Da tempo si sente parlare di un’ondata di caldo in Groenlandia con piogge e fusione di ghiacci in inverno. In Antartide due ghiacciai, detti dell’Apocalisse, ognuno grande più o meno come la Francia, fanno da argine a gran parte della calotta polare antartica. Costituiscono una tale quantità di ghiaccio che, se riversata negli oceani, alzerebbe di almeno 3 metri il livello del mare e sommergerebbe tutte le città costiere del Pianeta. Si sta cercando di stabilire la velocità e le modalità con cui eventualmente i due ghiacciai collasseranno. Per questo si sono ripercorse tutte le ere geologiche con particolare attenzione alla parte conclusiva dell’ultima era glaciale, quando le temperature globali si attestarono più o meno ai livelli attuali. Si è scoperto che, proprio come sta avvenendo in questi giorni, circa 11.000 anni fa i ghiacciai dell’Apocalisse crollarono improvvisamente allagando le coste del mondo.

Il fatto è preoccupante, tanto che, nel 2015, l’amministrazione Obama con il governo inglese ha pianificato un programma di ricerca urgente sull’argomento dal nome emblematico, “How much, how fast?”. Gli studi sul campo dovrebbero iniziare nel 2018 e durare circa cinque anni.

Attualmente sulla Terra siamo 7 miliardi e 600mila.
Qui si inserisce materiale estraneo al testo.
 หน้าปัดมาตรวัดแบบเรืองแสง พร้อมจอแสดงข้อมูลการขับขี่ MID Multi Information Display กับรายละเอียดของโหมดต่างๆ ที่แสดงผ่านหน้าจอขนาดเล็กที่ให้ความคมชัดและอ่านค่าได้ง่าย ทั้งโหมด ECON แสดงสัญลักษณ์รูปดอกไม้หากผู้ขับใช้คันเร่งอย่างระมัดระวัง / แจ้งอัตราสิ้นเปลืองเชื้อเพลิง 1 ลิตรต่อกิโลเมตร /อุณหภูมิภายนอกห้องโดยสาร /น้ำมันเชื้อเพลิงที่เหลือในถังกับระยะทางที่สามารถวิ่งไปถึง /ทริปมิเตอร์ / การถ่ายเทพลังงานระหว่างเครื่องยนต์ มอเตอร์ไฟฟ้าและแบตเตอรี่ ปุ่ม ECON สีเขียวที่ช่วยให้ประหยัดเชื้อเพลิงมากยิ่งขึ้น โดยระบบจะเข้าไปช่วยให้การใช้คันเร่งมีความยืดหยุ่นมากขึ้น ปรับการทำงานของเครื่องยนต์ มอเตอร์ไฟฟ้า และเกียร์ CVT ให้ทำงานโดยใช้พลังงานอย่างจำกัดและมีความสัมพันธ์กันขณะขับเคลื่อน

L’ONU stima che nel 2050 gli abitanti saranno quasi 10 miliardi. Tutta gente che mangia, si veste, si riscalda, viaggia, svolge attività complesse ... Per far tutto questo attinge alle risorse della ricchissima Madre Terra, generosa con i suoi abitanti. Ma la Terra è limitata e disinteressata alla nostra presenza e allora dobbiamo preoccuparci. Dobbiamo capire come funziona l’ambiente favorevole alla nostra presenza se vogliamo ritardare l’estinzione della razza umana.
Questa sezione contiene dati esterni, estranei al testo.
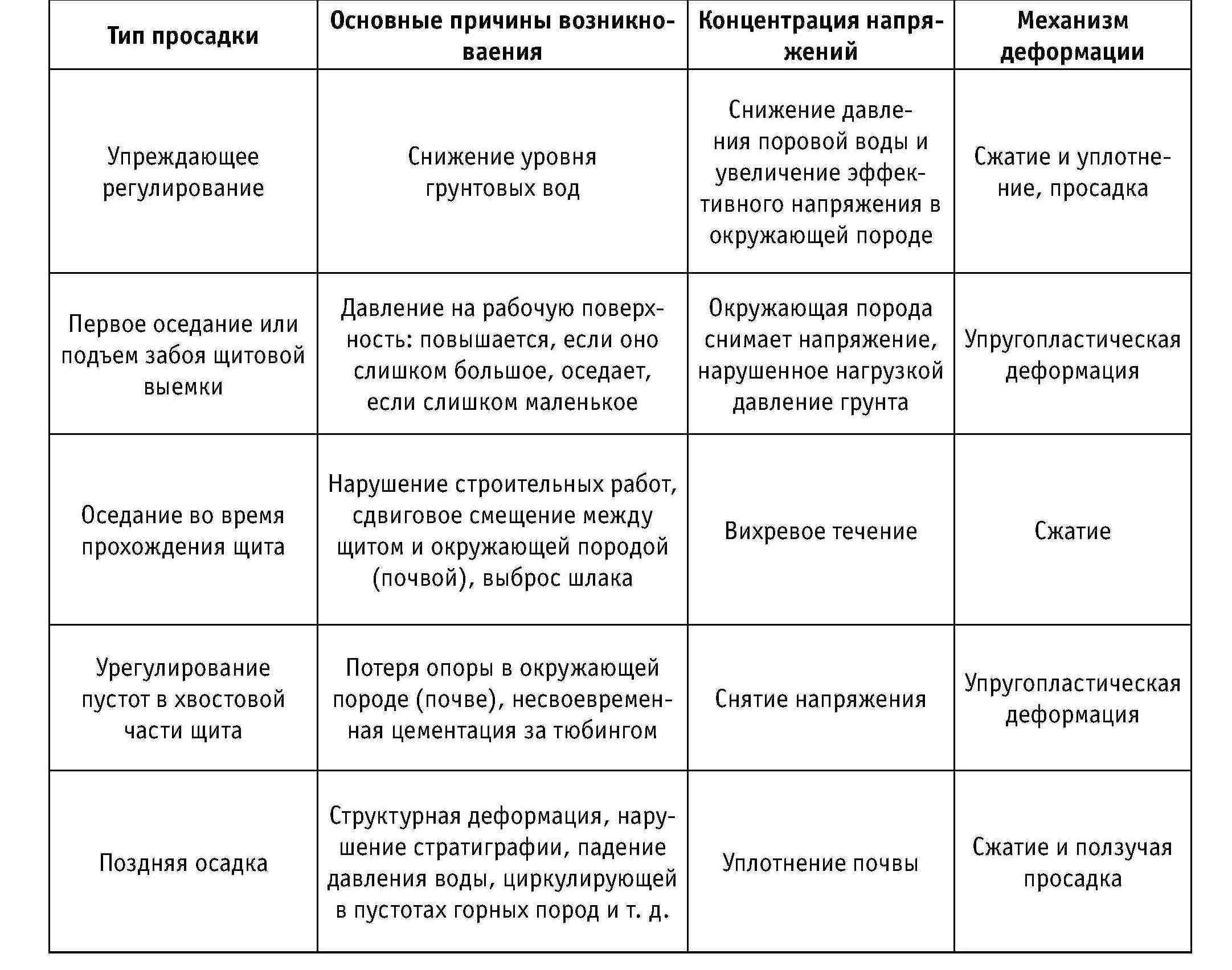 Таблица 3-5. Причины и механизмы деформации, вызванные щитовой конструкцией

La Terra è un sistema unico e indivisibile in tutte le sue manifestazioni. I grandi terremoti, i moti dell’atmosfera e lo scioglimento delle calotte glaciali consistono in spostamenti di grandi masse e, quindi, influiscono sull'asse di rotazione della Terra e sulla lunghezza del giorno.

Le grandi eruzioni vulcaniche immettono grandi quantità di aerosol nella stratosfera producendo variazioni importanti della temperatura media alla superficie terrestre con effetti sul clima globale.
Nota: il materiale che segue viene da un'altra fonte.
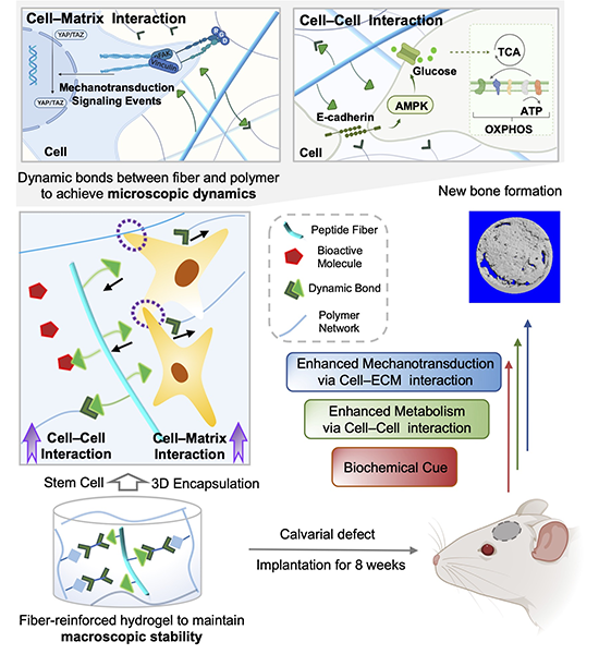 基于此,华南理工大学生物医学科学与工程学院边黎明教授团队设计开发了一种多肽纤维-高分子复合水凝胶,其中具有坚硬β-片层的肽纤维可以增强水凝胶的宏观稳定性、肽纤维与聚合物网络之间的动态亚胺键能够同时赋予水凝胶微观动态性。所得到的纤维复合水凝胶具有及时适配细胞行为的动态网络,其可以增强细胞与基质以及细胞之间的相互作用,从而通过力学信号转导-能量代谢耦合作用促进干细胞的成骨分化。此外,肽纤维负载的诱导性化合物可以进一步提高骨再生水平。相信通过模拟天然细胞外基质的生物物理与生物化学特性可以为细胞适应性以及生物活性材料的设计提供帮助。

Una corrente d'acqua calda, denominata EI Niño, che si forma nell'Oceano Pacifico, se accompagnata da particolari condizioni meteorologiche, è in grado di provocare una vasta perturbazione climatica, con conseguenze sulla distribuzione della fauna ittica e sul regime delle precipitazioni.

Lo studio degli altri pianeti del Sistema solare, con l’invio di sonde spaziali, ha mostrato l’unicità della Terra anche rispetto ai pianeti ad essa più simili per dimensioni e distanza dal Sole. La differenza più evidente è il fatto che sulla Terra sono esistite creature viventi per più di tre miliardi di anni e che tali creature si sono evolute dai semplici organismi unicellulari alla mirabile diversità delle forme di vita complesse che possiamo osservare oggi.

Poiché l'acqua è essenziale per il metabolismo e la riproduzione degli esseri viventi, la sopravvivenza e l'evoluzione della vita sulla Terra rappresentano un’evidenza convincente del fatto che il nostro pianeta ha sempre goduto di una temperatura alla quale l'acqua presente sulla sua superficie è potuta rimanere in gran parte allo stato liquido.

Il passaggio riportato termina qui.